This article by CAN director Richard Murphy was on Left Foot Forward yesterday:
Much attention has been given to the failings of the accounting and associated auditing professions of late, and rightly so. Many failed companies, dragged down by financial shenanigans of which no prior warning was given in too many cases, provide ample justification for the resulting criticisms.
But what is little noted is that even if, and when, the audit profession is reformed and its objectivity is restored, there will continue to be an accounting problem in the UK. And that is because the accounts that are prepared by UK companies are currently unfit for purpose in the twenty first century.
The trouble with UK accounting (and much of that is worldwide) is that it remains dedicated to the idea that accounts are only prepared for the benefit of shareholders and other providers of capital to a company. The accounting professions’ regulators, who are wholly captured at present by the big firms of accountants and their clients, have in fact stated this to be the purpose of accounts. But they are wrong.
The accounting profession and its associated accounting standard setters are meant to act in the public interest. It is very obvious that the public interest in accounts requires data that extends far beyond that needed by shareholders. In this context the idea of the stakeholders in a company is particularly relevant.
The fact that there are at least six stakeholder groups who have an interest in the accounts that a company might produce has been recognised since the 1970s. These groups are:
- The suppliers of capital to a company
- The people a company trades with
- Its employees
- The company’s regulators
- Its tax authority
- Civil society in the places that host its activities
At present accounting standard setters suggest that all but the first of those six groups are not of primary concern to them and that they cannot assume that accounts are prepared for their benefit.
This problem is compounded in the UK by the fact that since the early 1990s the accounting disclosures of UK limited companies required on public record have been substantially reduced. It is now the case that well over 90% of all UK companies can file a very limited balance sheet on public record and fulfil their legal requirements.

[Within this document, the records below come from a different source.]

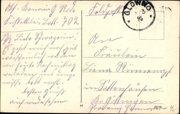 gelaufen 1916, Ecken bestoßen, leichte Stempelspur, sonst guter Zustand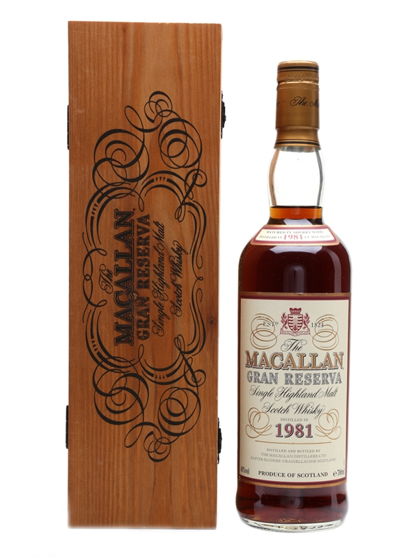 A bottle of The Macallan Gran Reserva. This was distilled in 1981, and matured in sherry casks.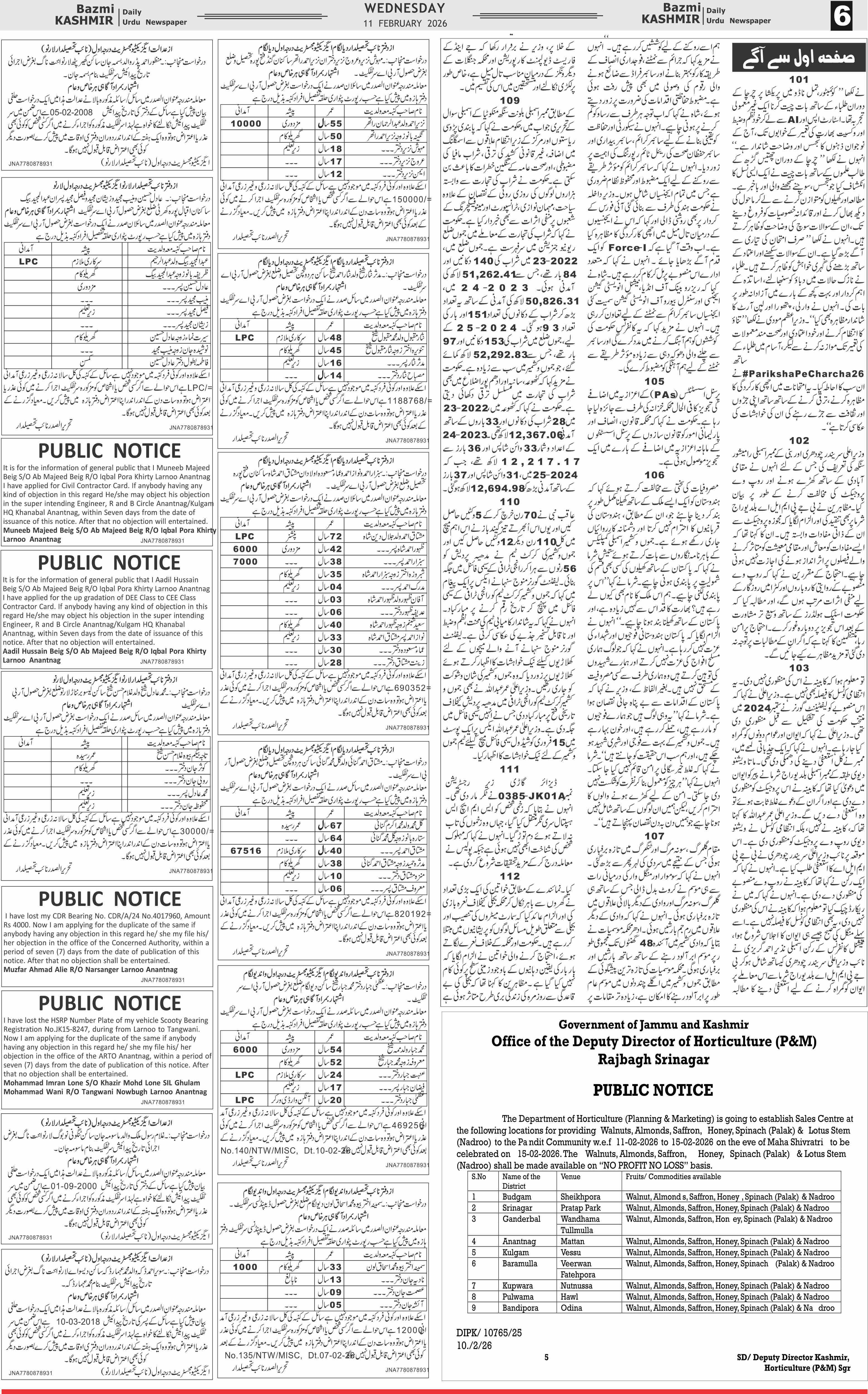 Bazam Kashmir Page: 6 February 11, 2026 << First << 6 >> Last >> Page 1Page 2Page 3Page 4Page 5Page 6Page 7Page 8 × Bazam Kashmir B -6 B -1B -2B -3B -4B -5B -6B -7B -8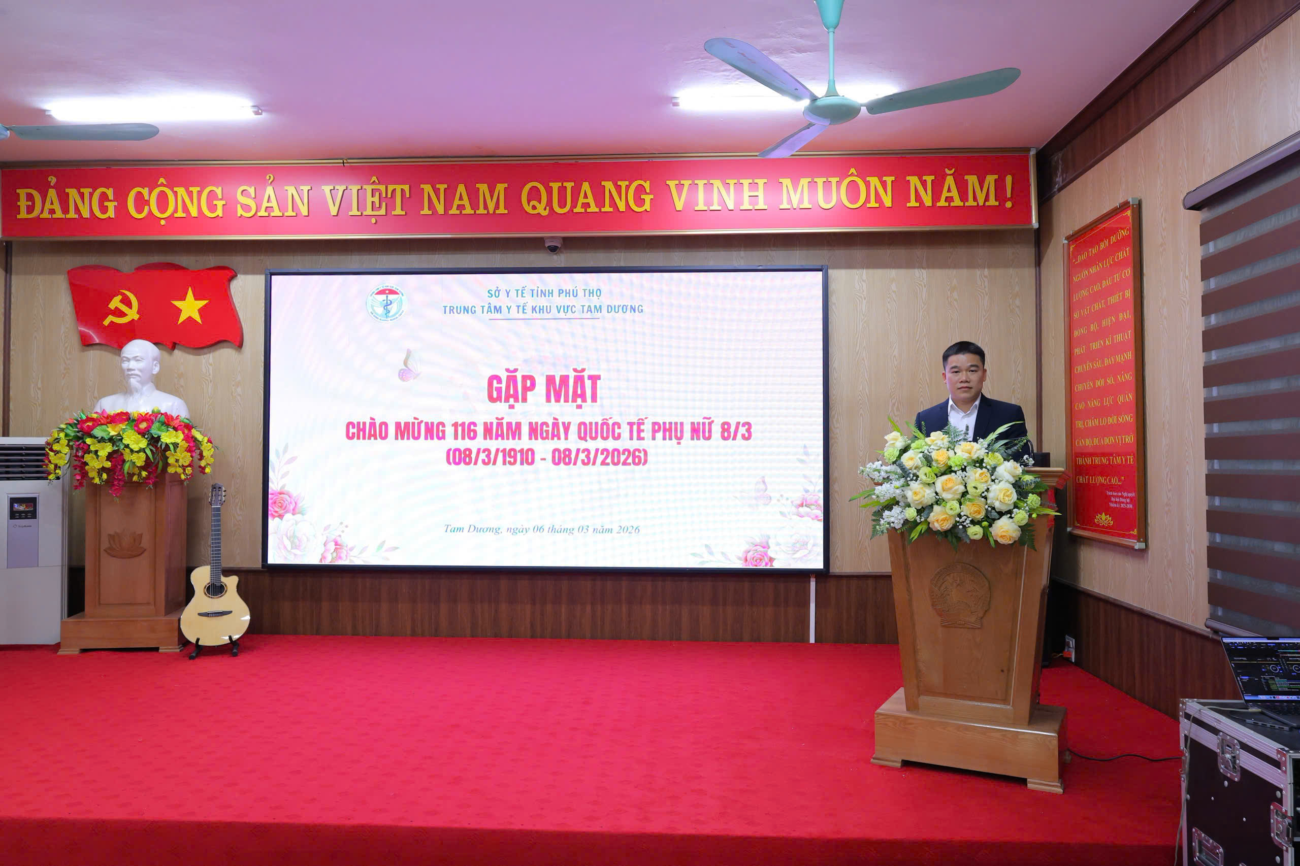 Chiều ngày 06/3/2026, trong không khí ấm áp của những ngày đầu tháng 3, Trung tâm Y tế khu vực Tam Dương đã tổ chức buổi gặp mặt thân mật chào mừng 116 năm Ngày Quốc tế Phụ nữ (8/3/1910 – 8/3/2026). Đây là dịp để tri ân, tôn vinh và gửi những lời chúc tốt đẹp tới đội ngũ nữ cán bộ, viên chức, người lao động của đơn vị – những người đang ngày đêm tận tụy cống hiến cho sự nghiệp chăm sóc và bảo vệ sức khỏe nhân dân.
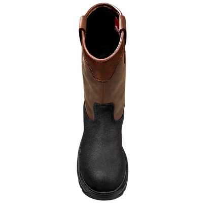 Airport tarmac to construction site, these men's waterproof boots are made for hard work in wet weather. A waterproof, breathable membrane keeps out rain and mud while allowing heat and sweat to escape. An engineered footbed and lightweight midsole provide comfort and cushioning for long days on your feet. The alloy safety toe is made from blended metal and aluminum resulting in a thin lightweight safety toe for strength and comfort all day. It also meets ASTM 2413-18 standards.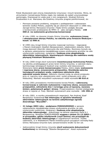 Potok Służewiecki jest zmorą mieszkańców Ursynowa i innych terenów. Mimo, że utrzymanie i konserwacja Potoku nigdy nie należało do zadań ursynowskiego samorządu, finansował on wiele prac z nim związanych. Wydział Ochrony Środowiska m.st. Warszawy dla Dzielnicy Ursynów pragnie poinformować, że: • Pierwsze poważne problemy, związane z podtapianiem i zalewaniem terenów wzdłuż Potoku, pojawiły się po ulewnych deszczach w 1998 roku. Zarząd Gminy Warszawa-Ursynów i Rada Gminy podjęły decyzję o konieczności przekazania do MPW i K - jako zarządcy Potoku - 150 000 zł. na wykonanie gruntownej konserwacji. • W roku 1999, na zlecenie Urzędu Gminy Ursynów, wykoszono trawę i ubezpieczono skarpy Potoku, na odcinku przy Areszcie Śledczym koszt: 12 900 zł. • W 1999 roku Urząd Gminy Ursynów rozpoczął rozmowy - negocjacje z Panem Andrzejem Józefem Beręsewiczem, właścicielem stawów, które mogą stanowić zbiorniki retencyjne dla wód Potoku. Rozmowy toczyły się w sprawie ustanowienia nieodpłatnego prawa użytkowania gruntów na cele użyteczności publicznej, związanej z budową oraz eksploatacją zbiorników retencyjnych, stanowiących retencję dla nadmiaru wody płynącej Potokiem Służewskim. • W roku 2000 Urząd zlecił wykonanie inwentaryzacji technicznej Potoku, na odcinku przebiegającym przez teren Gminy Ursynów, w zakresie stanu technicznego istniejących budowli oraz wylotów wód deszczowych. Wykonano także prace konserwacyjne Potoku, które objęły wykoszenie i naprawę skarp, oczyszczenie przepustów, likwidację zatorów tamujących przepływ wody, częściowe odmulenie dna, zebraniei wywóz śmieci. Założono również kratę na wlocie przepustu przy ul. Łączyny oraz ubezpieczono wlot i wylot przepustu przy ulicy Kłobuckiej. Wartość wszystkich wykonanych robót wynosiła 86 016 zł. • W roku 2001 prowadzono monitorowanie koryta Potoku i całoroczną konserwację w zakresie wykoszenia i naprawy skarp, oczyszczenia przepustów, odmulenia dna i rurociągu przy ul Łączyny, wywozu śmieci, połamanych gałęzi i drzew. Przeprowadzono również pielęgnację drzew w rejonie ul. Fosy. Wartość wykonanych prac wynosiła - 101 556 zł. • W roku 2001, w wyniku prowadzonych negocjacji, Pan Andrzej Józef Beręsewicz wystosował list intencyjny w sprawie lokalizacji zbiorników retencyjnych na terenie zabytkowego ogrodu dworskiego "Wyczółki". • 21 lutego 2002 roku - podpisano POROZUMIENIE w sprawie ustanowienia nieodpłatnego prawa użytkowania gruntów na cele użyteczności publicznej, związanej z budową oraz eksploatacją zbiornika retencyjnego - położonego na terenie własności Pana A.J. Beręsewicza. Niniejsze POROZUMIENIE wygasa z dniem 31.12.2003 r. w przypadku, gdyby Użytkownik (czyli Gmina) nie przystąpił do budowy zbiornika retencyjnego w uzgodnionym terminie. Trzeba nadmienić, iż w Wieloletnim Planie Inwestycyjnym przyjętym Uchwałą Rady Gminy Warszawa-Ursynów były zarezerwowane środki na ten cel. • Jednocześnie Urząd Gminy Ursynów zlecił wykonanie dokumentacji budowlanej na renowację "Stawów Beręsewicza". Koszt wykonania dokumentacji wyniósł 112 362 zł. • Jak wynika z projektu budowlanego koszt wykonania rekultywacji "Stawów Beręsewicza" ma wynieść 1 394.345 zł. Wykonanie pierwszych zbiorników retencyjnych na Potoku Służewieckim, w "Stawach Beręsewicza", da możliwość przechwycenia ~14.000 m wody. Prawdą jest, że ta pojemność jest obecnie niewystarczająca. Jest natomiast szansa budowy następnych zbiorników retencyjnych w rejonie ul. Kłobuckiej. Właścicielem terenów jest także Pan A. J. Beręsewicz, który gotów jest negocjować sposób udostępnienia terenu na następne zbiorniki retencyjne. • Równolegle w roku 2002 Gmina wykonała, jak każdego roku, dwukrotne koszenie traw, czyszczenie przepustów przy ul. Łączyny i ul. Fosy, likwidację zatorów powstających wzdłuż cieku, wywożenie zebranych zanieczyszczeń jak również zajęła się usuwaniem skutków powodzi, tzn.: założeniem nowej kraty przy ul. Łączyny i naprawą ubezpieczeń przy przepuście, wykonaniem barierek na przepuście przy ul. Kłobuckiej, przebudową mostku przy ul. Fosy, zebraniem połamanych drzew i gałęzi zalegających w korycie Potoku. Prace te wykonane zostały na koszt Gminy za łączną sumę 142 433 zł. Łącznie od 1998 do 2002 roku Gmina Warszawa-Ursynów wydała na utrzymanie Potoku Służewieckiego 605 267 zł.

As a result many of the stakeholders of UK companies have literally no way of securing any meaningful accounting data on the companies that employed them, or which they trade with whilst civil society is left with almost no data at all on which to appraise the impact of the companies that they host.
It is for this reason that I have, with others, launched the Corporate Accountability Network.This has two goals. The first is to promote accounting standards that meet the needs of all users of accounts. And the second is to ensure that the resulting data is available to everyone who wants it on public record.
The logic behind this is simple. Society gives company shareholders limited liability – or the right not to pay the debts of the companies they own if they go bust. It’s an extraordinary privilege. And it passes the cost of corporate bankruptcy to everyone else in society. The least that companies can do in exchange is account to all of us on what they do in a format that we can understand and access for free. And this must apply to all companies, because no one has the ability to know which companies might create a risk without data being available on all of them.
Opening this up is the Corporate Accountability Network’s goal, and unless we succeed business and its accountants will continue to take us all for a ride that we can no longer afford.
Richard Murphy is the director of the Corporate Accountability Network. He is also director of Tax Research UK, a chartered accountant and Professor of Practice in International Political Economy at City, University of London.